In ordinary life those ideas remained buried in Christophe's inmost heart. He refused to think of
them. What was the good? What could he do? He had to be Christophe, he had to accomplish his
work, live at all costs, live at the cost of the weak. ... It was not he who had made the universe. . . .
Better not think of it, better not think of it. ...

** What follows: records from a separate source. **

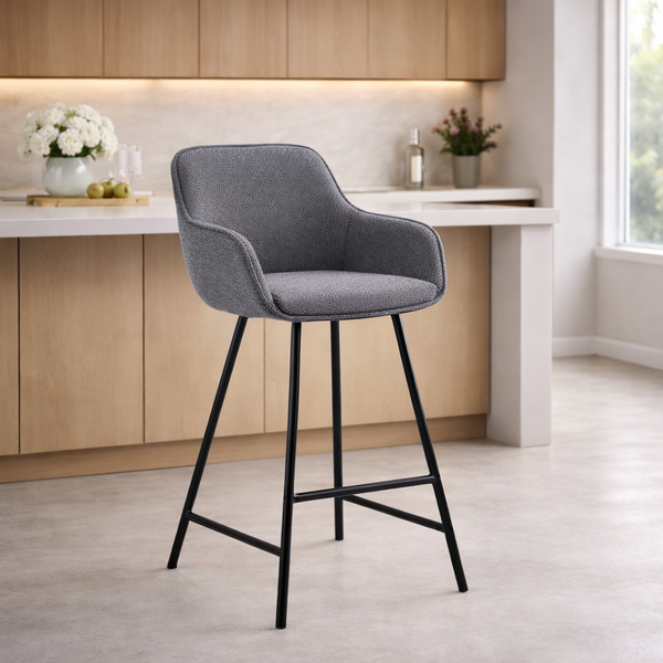 KAYLA bar stool in gray teflon fabric and black base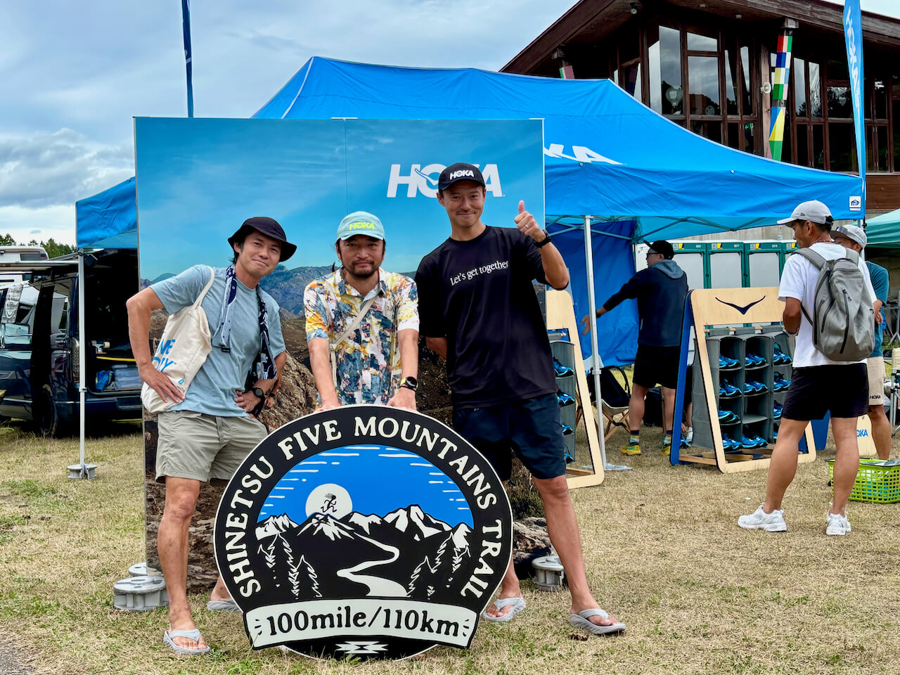 レース前日、大会会場のHOKAブース前にて。このときはまさか翌日大雨に見舞われるなど想像もしていませんでした。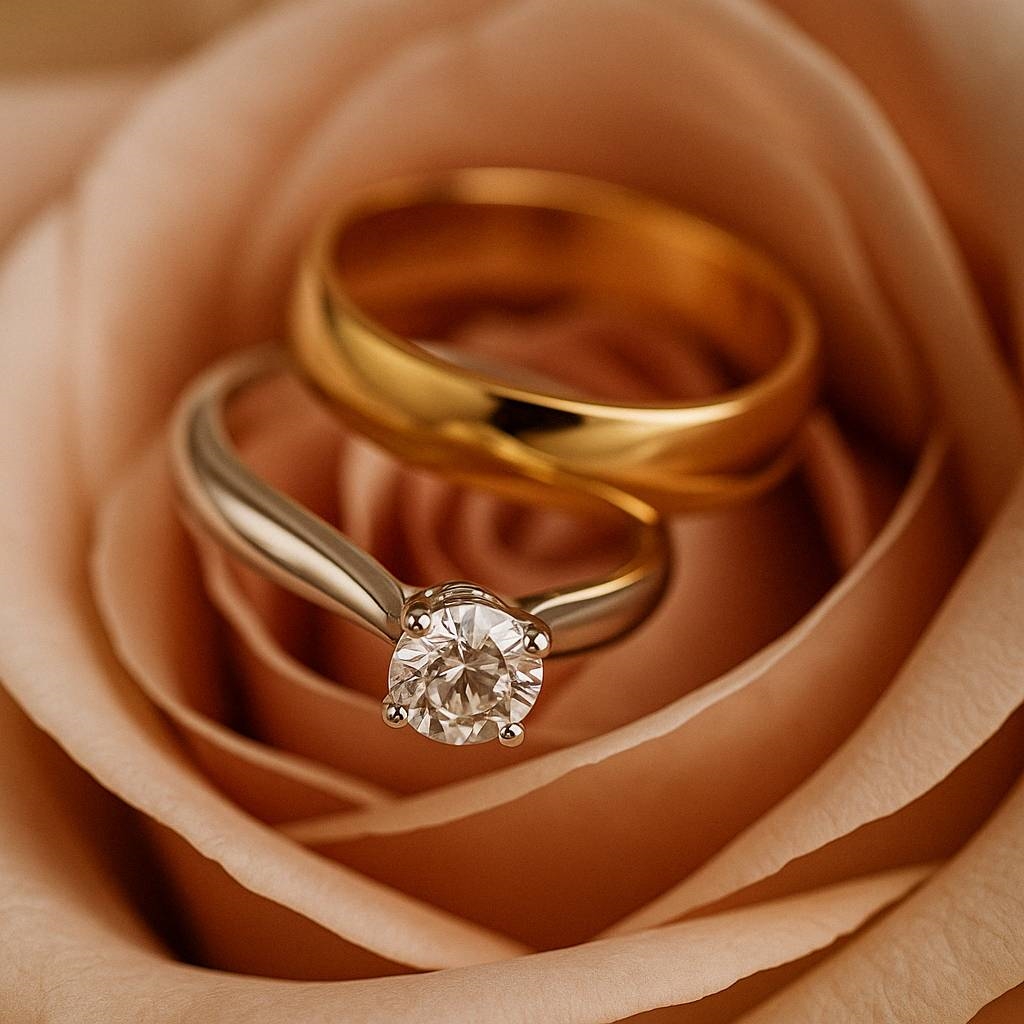 Der Brauch der Verlobungsringe stammt aus dem alten Ägypten und römischen Traditionen. Der Ehering hat ebenfalls tiefe Wurzeln, aber die Idee, einen Ringtyp für den Antrag und einen anderen für die Ehe selbst zu verwenden, wurde besonders im 19. und 20. Jahrhundert populär – stark beeinflusst durch das Marketing der Diamantenindustrie. 📜

But when unhappiness had dragged him down, him, too, to the level of the vanquished, he had to
think of these things. Only a little while ago he had blamed Olivier for plunging into futile
remorse and vain compassion for all the wretchedness that men suffer and inflict. Now he went
even farther: with all the vehemence of his mighty nature he probed to the depths of the tragedy of
the universe: he suffered all the sufferings of the world, and was left raw and bleeding. He could
not think of the animals without shuddering in anguish. He looked into the eyes of the beasts and
saw there a soul like his own, a soul which could not speak: but the eyes cried for it:

"What have I done to you? Why do you hurt me?" He could not bear to see the most ordinary
sights that he had seen hundreds of times —a calf crying in a wicker pen, with its big, protruding
eyes, with their bluish whites and pink lids, and white lashes, its curly white tufts on its forehead,
its purple snout, its knock-kneed legs:—a lamb being carried by a peasant with its four legs tied
together, hanging head down, trying to hold its head up, moaning like a child, bleating and lolling
its gray tongue:—fowls huddled together in a basket:—the distant squeals of a pig being bled to
death:—a fish being cleaned on the kitchen-table. . . . The nameless tortures which men inflict on
such innocent creatures made his heart ache. Grant animals a ray of reason, imagine what a
frightful nightmare the world is to them: a dream of cold-blooded men, blind and deaf, cutting
their throats, slitting them open, gutting them, cutting them into pieces, cooking them alive,
sometimes laughing at them and their contortions as they writhe in agony. Is there anything more
atrocious among the cannibals of Africa? To a man whose mind is free there is something even
more intolerable in the sufferings of animals than in the sufferings of men. For with the latter it is
at least admitted that suffering is evil and that the man who causes it is a criminal. But thousands
of animals are uselessly butchered every day without a shadow of remorse. If any man were to
refer to it, he would be thought ridiculous.—And that is the unpardonable crime. That alone is the
justification of all that men may suffer. It cries vengeance upon God. If there exists a good God,
then even the most humble of living things must be saved. If God is good only to the strong, if
there is no justice for the weak and lowly, for the poor creatures who are offered up as a sacrifice
to humanity, then there is no such thing as goodness, no such thing as justice.